> Task statement:
Nothing but the lines from the one containing "تصویر ۲. فرش" to the final line of the entries should appear, copied exactly and without pictures.

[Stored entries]
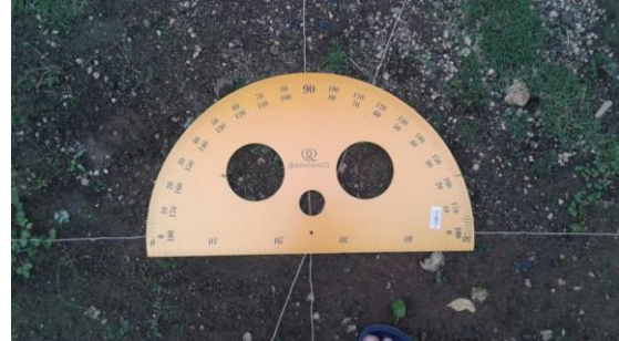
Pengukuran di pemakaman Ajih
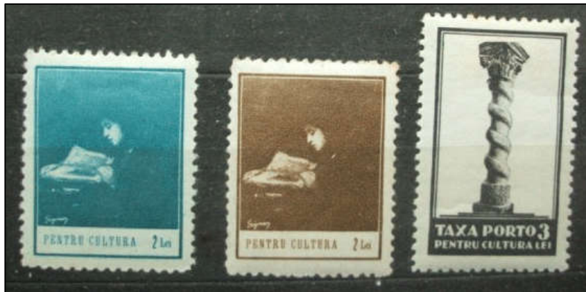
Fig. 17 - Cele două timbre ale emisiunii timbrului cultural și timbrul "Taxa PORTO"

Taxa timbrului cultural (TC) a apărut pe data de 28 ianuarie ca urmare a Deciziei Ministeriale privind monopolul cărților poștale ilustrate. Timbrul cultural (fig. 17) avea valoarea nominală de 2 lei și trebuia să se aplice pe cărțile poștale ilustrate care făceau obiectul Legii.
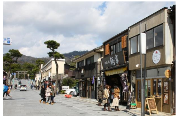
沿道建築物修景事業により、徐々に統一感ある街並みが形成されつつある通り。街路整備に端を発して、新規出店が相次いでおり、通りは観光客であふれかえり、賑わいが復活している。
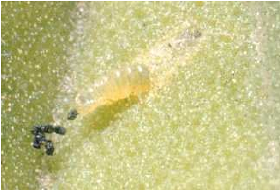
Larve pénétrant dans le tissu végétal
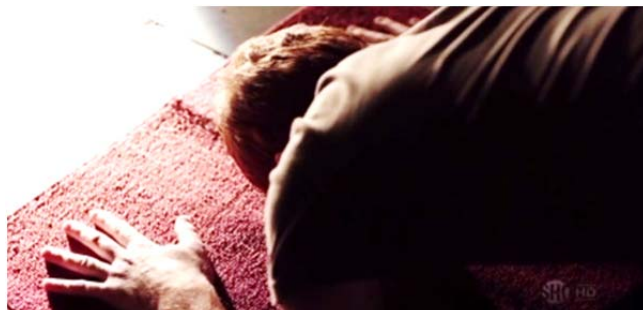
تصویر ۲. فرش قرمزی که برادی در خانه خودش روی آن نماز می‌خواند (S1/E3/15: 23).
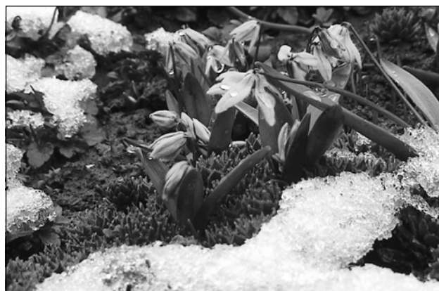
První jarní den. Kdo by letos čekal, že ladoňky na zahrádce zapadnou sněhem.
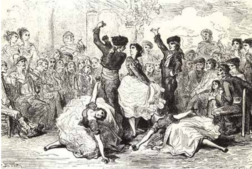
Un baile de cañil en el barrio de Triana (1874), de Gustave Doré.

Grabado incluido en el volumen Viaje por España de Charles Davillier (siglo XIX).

> Solution to this exercise:
تصویر ۲. فرش قرمزی که برادی در خانه خودش روی آن نماز می‌خواند (S1/E3/15: 23).
První jarní den. Kdo by letos čekal, že ladoňky na zahrádce zapadnou sněhem.
Un baile de cañil en el barrio de Triana (1874), de Gustave Doré.

Grabado incluido en el volumen Viaje por España de Charles Davillier (siglo XIX).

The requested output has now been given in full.